See Tables 6, 7, 8, 9 and 10.

Table 10 Information criteria

Appendix 2: French DRG 2009-classification and DRG based payment

Description of the new French DRG coding system

2009-French DRG classification system is organized in a nested fashion. DRGs are coded by a series of 6 characters. The first two characters define the pathology; the third defines the type of medical practice (medical, surgical, or exploratory); the fourth and fifth characters define the subfields of a given pathology; and the sixth character defines the level of severity of which there are four. The level of severity is independent of the procedures performed on the patient.

The “root” of a DRG consists of the first 5 characters in the corresponding code. There are 617 root DRGs in 2009-classification. Among these roots, 76.2% (470) are subdivided into 4 levels of severity. In addition, certain DRG roots are not subdivided into four severity levels, or are not subdivided by severity at all. Moreover, there exist, in some specific cases, other types of subdivisions that replace or complement subdivision by severity (Manuel des GHM 2012).

This classification defines four levels of severity

  • Level 1: stays without associated complications or morbidity (ACM) belonging to a list validated by consultative and decisional bodies of the national health statistics agency. In what follows, this level is called low or non-severe.

  • Level 2, 3 or 4: The list of ACMs contains three sub-lists corresponding to three levels of severity. An ACM always belongs to a single severity level, which does not change. In certain cases, death can also play the role of ACM. In the grouping algorithm, the order of priority is as follows. – Existence of an ACM and its placement at a given level (2, 3, or 4);—Patient’s age (< 2 years, > 69 years and > 79 years); – Death if neither of the two preceding conditions is satisfied; – Duration of stay, which is a mandatory condition. 

  • Other types of subdivisions

  • The letter “Z” indicates an exploratory stay, with no coding of severity. These stays are almost exclusively chemotherapy sessions and dialysis sessions;

  • The letter “E” indicates stays ending in death;

  • The letter “J” identifies ambulatory surgical stays (no overnight stay);

  • The letter “T” corresponds to short stays, between 1 and 3 days. These must be distinguished from stays coded by a “J”. These are almost exclusively medical stays.

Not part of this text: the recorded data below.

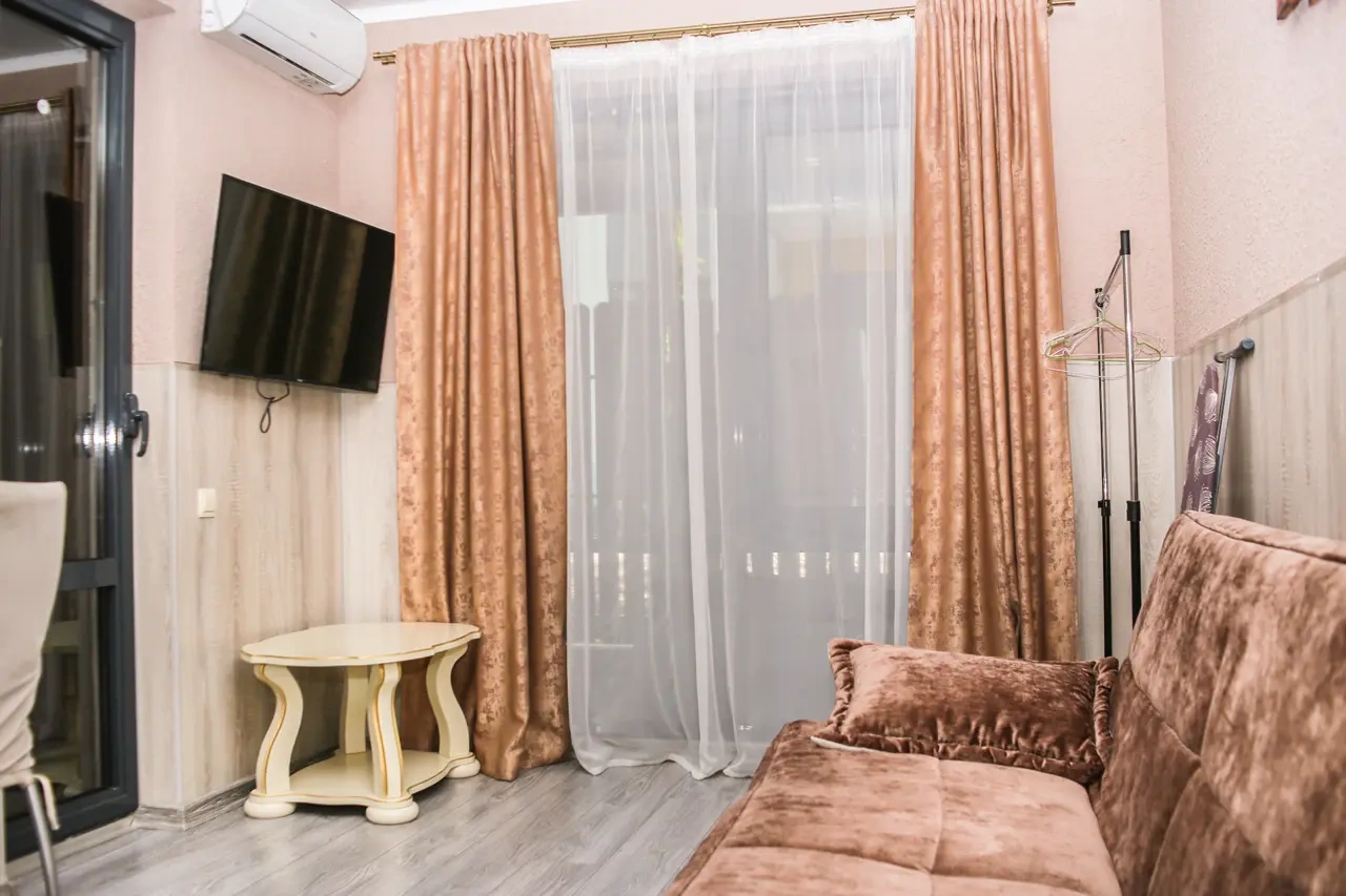 Апартаменты данного класса комфортности обеспечены всем необходимым для приятного времяпровождения. В наполнение апартаментов входят: Мини-кухня Шкаф/Гардероб Электрический чайник Микроволновая печь Плита для приготовления пищи и холодильник двуспальная кровать раскладной диван стиральная машина фен 2 телевизора с плоским экраном и кабельным ТВ, Wi-Fi. А встретить рассвет или проводить закат Вы сможете на небольшом и уютном балконе.
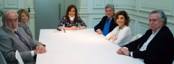 Osvaldo Papeleo, Eduardo Barcesat y Luis Alen presentaron ayer las conclusiones del informe a la ex presidenta Cristina Fernández de Kirchner. En la reunión estuvieron también Lidia y Carolina Papaleo.
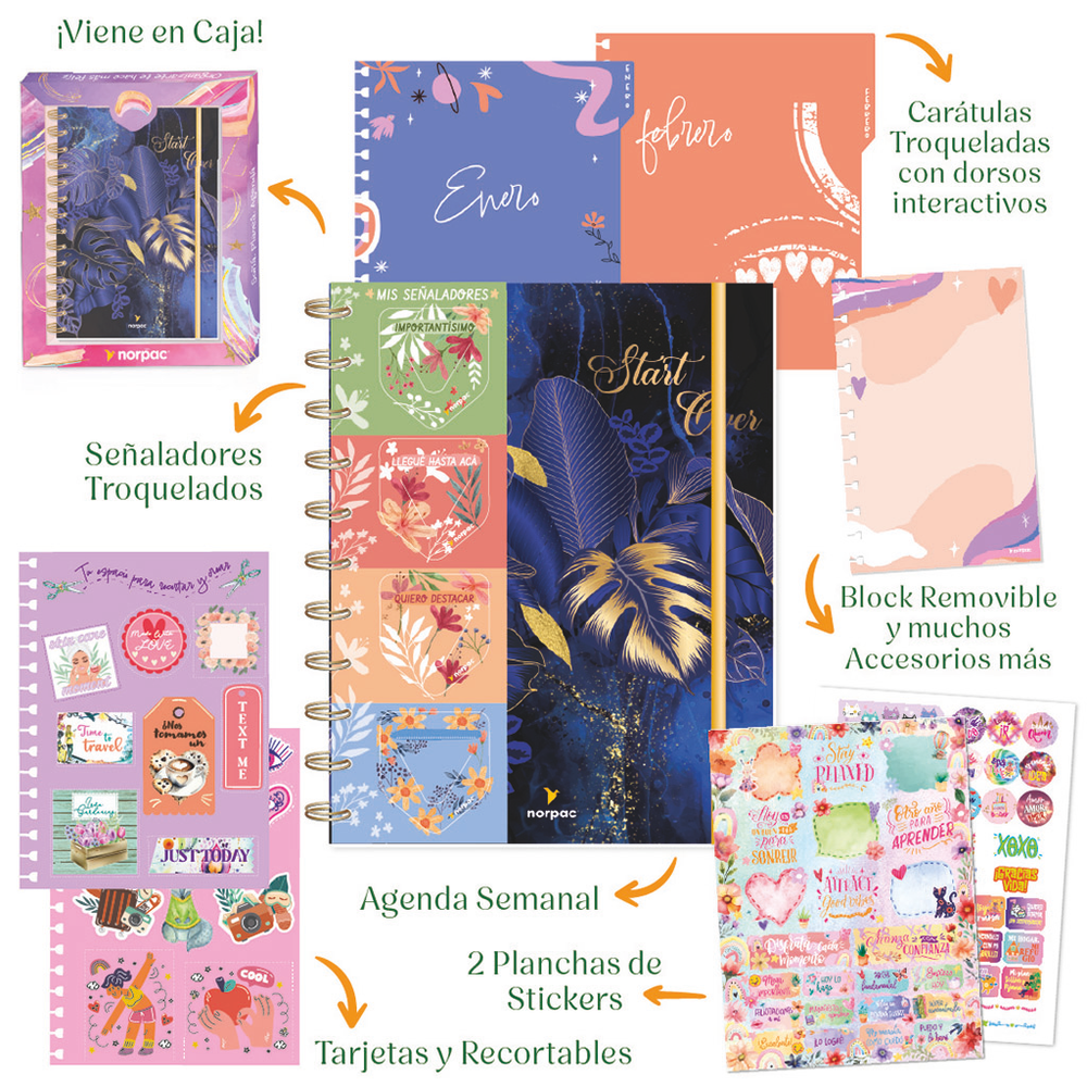 AGENDA N8 SEMANAL CON ANILLOS Y CIERRE NORPAC 8000 PREMIUM
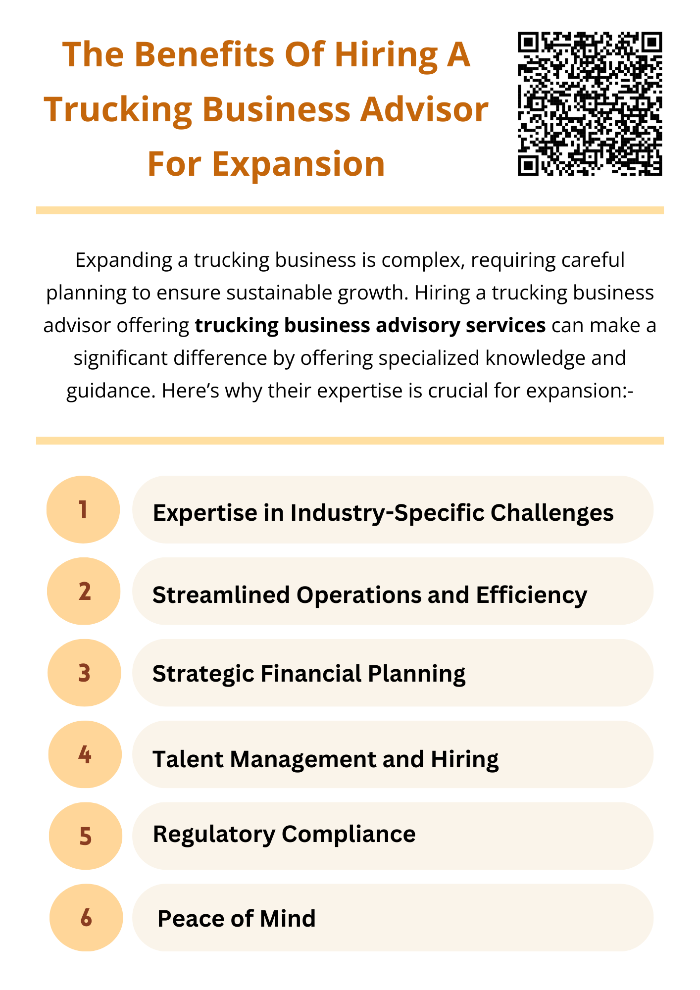 Hiring a trucking business advisor offering trucking business advisory services provides essential support during expansion, offering expertise in financial planning, regulatory compliance, market development, and more. With an advisor’s help, you can make smarter decisions, streamline operations, and grow your business more effectively. Their guidance ensures that your expansion is both profitable and sustainable.

In the primitive 2009-classification of the coding system (before any marginal adaptive changes), used here, stays were classified into 2192 DRGs.

DRG prospective payment system

DRGs are used as a tool to measure the relative resource requirements for hospital care of the population. Hospitals are paid a fixed price for each patient admitted in hospital. At discharge, every patient’s stay is assigned to one of the DRGs based on their routinely registered primary diagnosis. At each DRG is associated a weight reflecting the average cost of patients in the given DRG relative to that of the average patient reimbursed by the system (MedPAC 2005). The price for each patient treated is obtained by multiplying the relevant DRG weight by a fixed monetary value. With the DRG system, hospitals are expected to reduce costs and under certain conditions, to incent increase in activity.

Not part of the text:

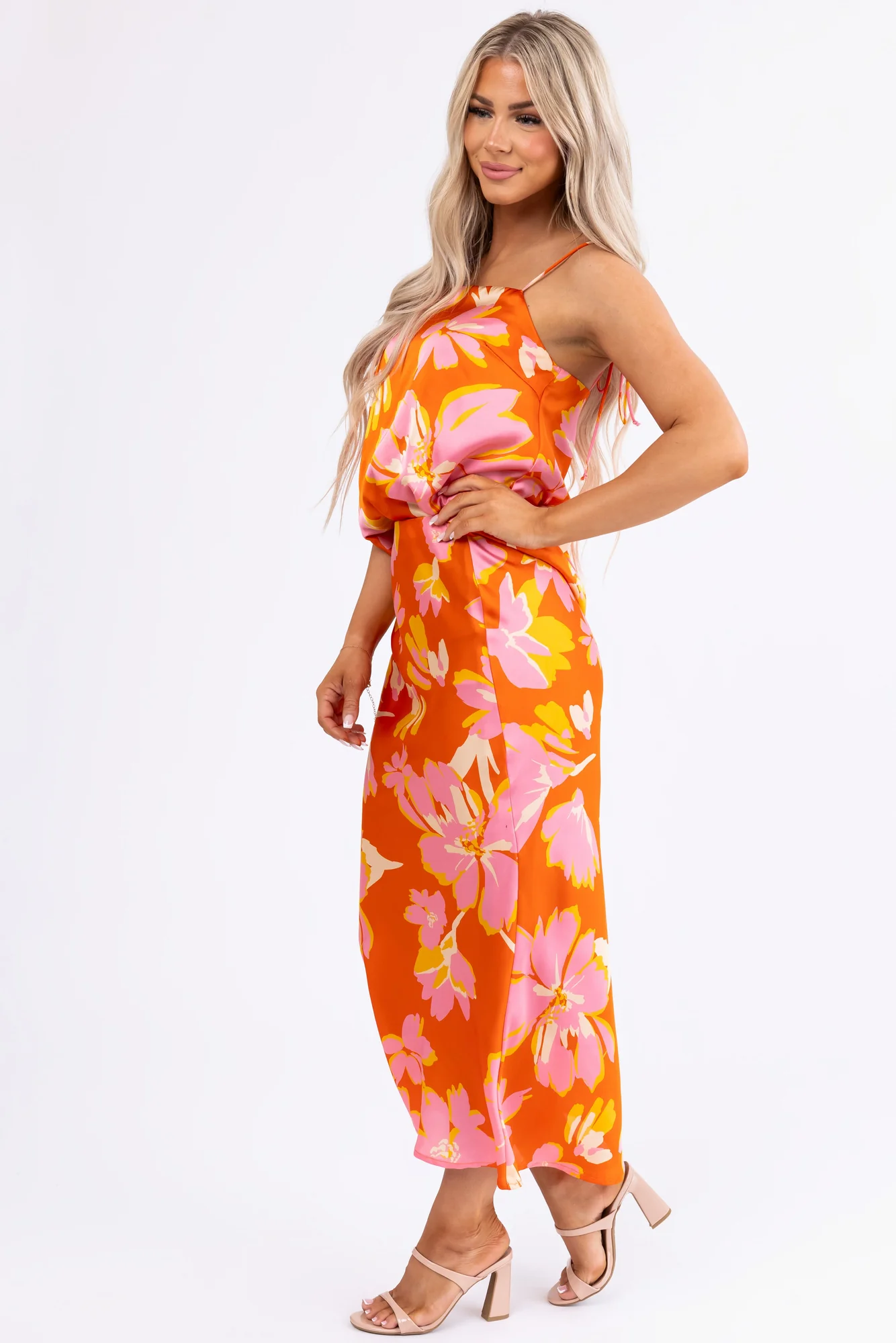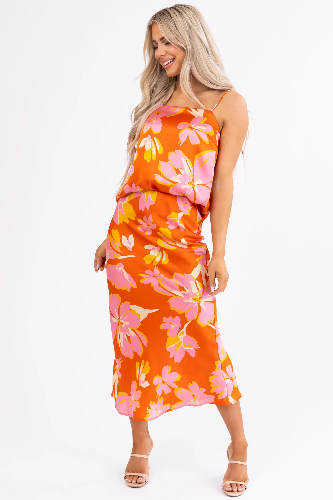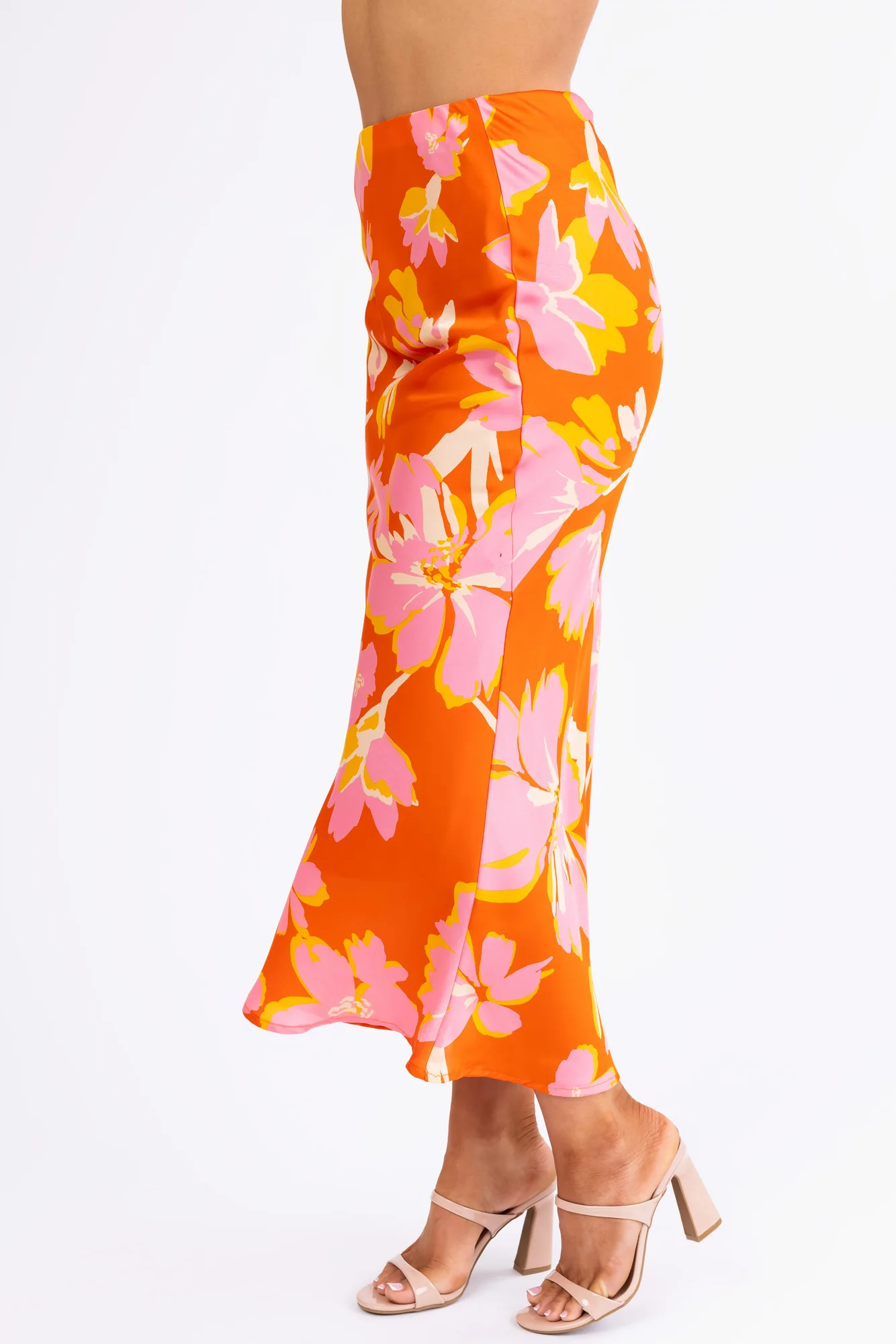 Elevate your style with our stunning Floral Print Satin Maxi Skirt in Baby Pink, Amber, and Cream. Crafted from non-stretchy satin with an elastic waist and bias flounce hem for a graceful touch. Pair with our matching Tie Strap Satin Tank Top. Available in sizes S, M, and L. Hand wash cold for care. Embrace unique variations due to the cutting and sewing process.
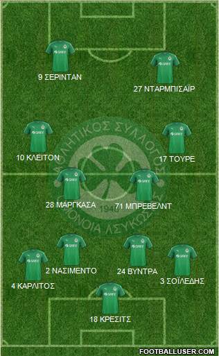 Panagi · Vyntra · Katelaris · Soiledis · Demetriou · Margaca · Toure · Cleyton · Ziziros · Christofi · Derbyshire

They were first adopted in 1983 for the reimbursement of care provided to elderly patients under the US Medicare Program. Since then, the development of DRG systems and DRG-based hospital payments has become an international phenomenon (Kimberly et al. 2008). In Europe, prospective payment based on DRGs was first introduced in Portugal in the late 1980s, and more recently in other European countries such as England, France, and Germany. The principal reason for the popularity of DRG-based hospital payment systems is that they are supposed to lead to eciency: reduced costs for the optimum level of quality.

DRG-based hospital payment creates three main incentives.

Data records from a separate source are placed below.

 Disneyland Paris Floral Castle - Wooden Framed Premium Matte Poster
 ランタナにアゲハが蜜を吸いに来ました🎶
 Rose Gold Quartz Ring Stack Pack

  • One of the incentives of DRG-based payment is for hospitals to reduce costs per patient. This can happen through: (i) reductions in lengths of stay; (ii) reductions in the intensity of services provided; and (iii) patient selection. Using French data, the empirical literature showed that in public hospitals both the number of cases treated and case-mix-adjusted production increased significantly between 2004 and 2009. This coincided with a decrease in lengths of stay (DREES 2012a, b; Or et al. (2013), Gobillon and Milcent 2015).

  • The second incentive is to increase the number of patients: the reduction of the waiting list, splitting care episodes into multiple admissions, admitting patients for unnecessary services (known as induced demand), and improving hospital reputation. According to DREES (2012a, b), the volume of admissions increased by about 14.6% over the period 2001–2009.

  • The third is to increase revenue per stay. Hospitals can achieved this using one of two strategies: (i) changes in coding practices, or (ii) changes in practice patterns. The aim of both strategies is to reclassify patients into higher-severity DRGs with a higher associated payment rate, a phenomenon known as “upcoding”. With the data used here, which includes 15 million observations, the effect of changes in coding practices can be isolated and assessed purely independently of all other incentives.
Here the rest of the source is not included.